Q: What is a blonde doing when she holds her hands tightly over her ears? A: She's trying to hold on to a thought.
One day while a blonde was out driving her car, she ran into a truck. The truck driver made her pull over into a parking lot and get out of the car. He took a piece of chalk and drew a circle on the pavement. He told her to stand in the middle and not leave the circle. Furious, he went over to her car and slashed the tires. The blonde started laughing. This made the man angrier so he smashed her windshield. This time the blonde laughed even harder. Livid, the man broke all her windows and keyed her car. The blonde is now laughing hysterically, so the truck driver asks her what’s so funny. The blonde giggled and replied, “When you weren’t looking, I stepped out of the circle three times!
Yo mama so stupid she stuck her face into a book to make a Facebook.

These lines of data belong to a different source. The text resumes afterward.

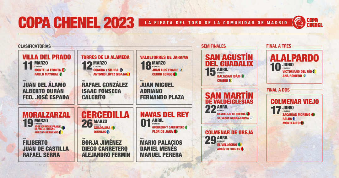 El sorteo, celebrado con gran expectación, que han realizado los periodistas Carmelo López y Javier F. Mardomingo ha dejado 6 corridas de toros en la primera fase con mucho interés para el aficionado con desafíos ganaderos y tres toreros los días 11, 12, 18, 19 y 26 de marzo y 1 de abril. Las tres semifinales serán el 15, el 22 y el 29 de abril mientras que la final a tres y la final a dos serán el 10 y el 17 de junio.
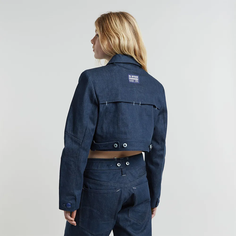 Джинсовая куртка G-Star Origins укорочена и имеет карманы с клапанами и закрепками контрастного цвета.
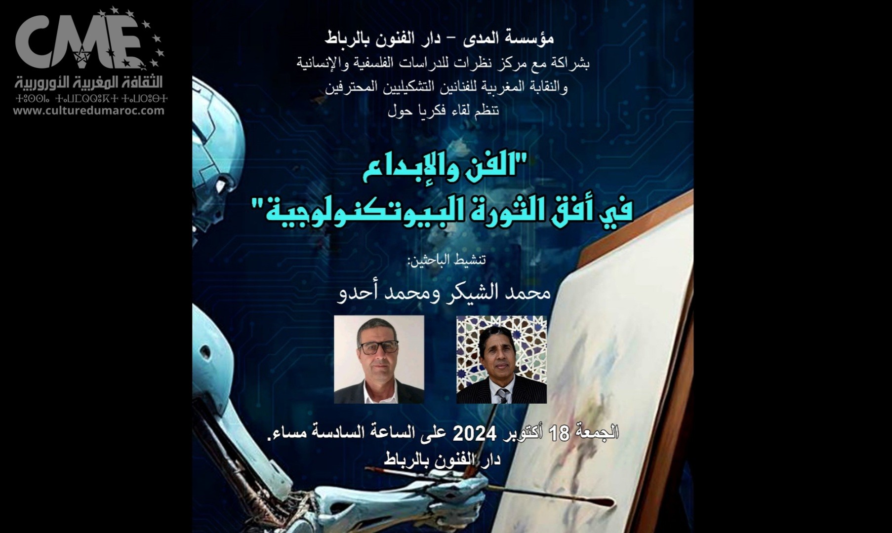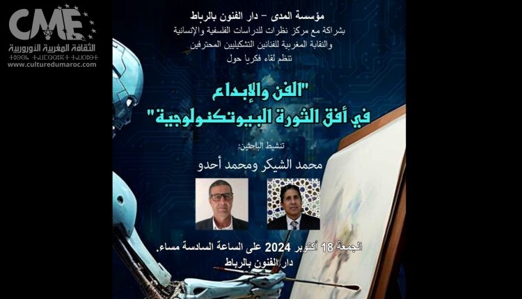” الفن والإبداع في أفق الثورة البيوتكنولوجيK “ينشطه الباحثان محمد الشيكر ومحمد أحدو، وذلك يوم الجمعة 18 اكتوبر 2024، بدار الفنون على الساعة السادسة مساء.

Yo mamma so stupid she tried to eat her iPhone because it had an apple on it!
Yo momma so stupid she thinks a quarterback is a refund!
A blonde bought a brand new car and decided to drive down from some place far off, to meet this friend. She reached there in a few hours. After spending a few days there, she decided to return, and called up her mother to expect her in the evening. But she didn't reach home in the evening and not the next day either. When she finally reached home on the third day, her distraught mother ran and asked her what happened? She got out, obviously very tired from a long journey, and said, "These car designers are crazy! They have four gears for going forward, but only one for going back!"
Yo Mama so stupid she put a peephole in a glass door!
One day, a blonde and her friend were walking through the park. Suddenly, the blonde's friend said, "Oh, look, a dead birdie!" The blonde looked up and said, "Where?"
Q: Why did the blonde buy a brown cow? A: To get chocolate milk.
Yo Mommas so stupid she got lost in a telephone booth.